Data segment:
[Start of Attachment]

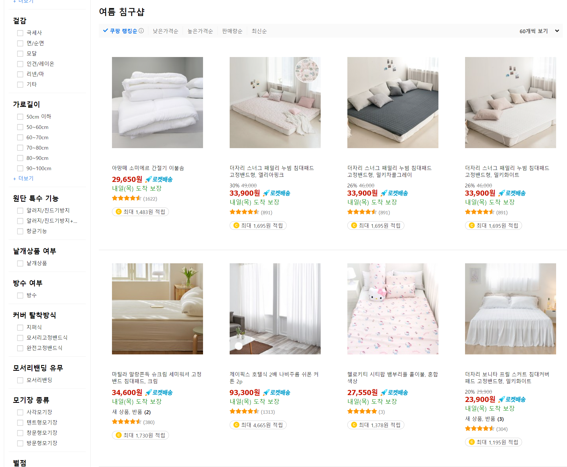 | (임의 번호) 1 | 아망떼 소미에르 간절기 이불솜 | 29,650 | Y | 1,622 |
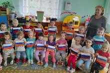 Россия флагы көнен балалар бакчасында тәрбияләнүчеләр 22 августта билгеләп үттеләр. Балалар белделәр, Россия триколоры тарихы гасырлар дәвамында тамырдан чыгып китә-флагның һәр төсе үз символик әһәмияткә ия. Тәрбиячеләр балаларга Россия турында китаплар укыдылар, Россия флагын өйрәнделәр: карадылар һәм рәсем ясадылар, коллектив аппликация ясадылар. Уеннарда балалар башка илләрнең флаглары арасында Россия флагын аерырга һәм табарга өйрәнделәр.
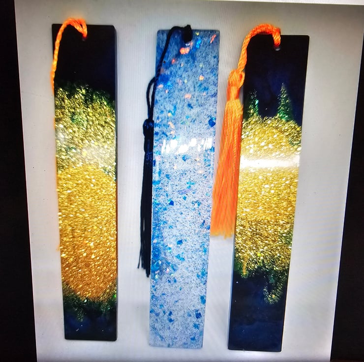 Book marks are the first item I made, they are my best sellers to this day. I have several in stock,but I'm happy to make a colour of your choice and style at no extra charge.

[End of Attachment]

Directions for this task: Set the pictures aside and transcribe the data above exactly.

Reply:
 | (임의 번호) 1 | 아망떼 소미에르 간절기 이불솜 | 29,650 | Y | 1,622 |
 Россия флагы көнен балалар бакчасында тәрбияләнүчеләр 22 августта билгеләп үттеләр. Балалар белделәр, Россия триколоры тарихы гасырлар дәвамында тамырдан чыгып китә-флагның һәр төсе үз символик әһәмияткә ия. Тәрбиячеләр балаларга Россия турында китаплар укыдылар, Россия флагын өйрәнделәр: карадылар һәм рәсем ясадылар, коллектив аппликация ясадылар. Уеннарда балалар башка илләрнең флаглары арасында Россия флагын аерырга һәм табарга өйрәнделәр.
 Book marks are the first item I made, they are my best sellers to this day. I have several in stock,but I'm happy to make a colour of your choice and style at no extra charge.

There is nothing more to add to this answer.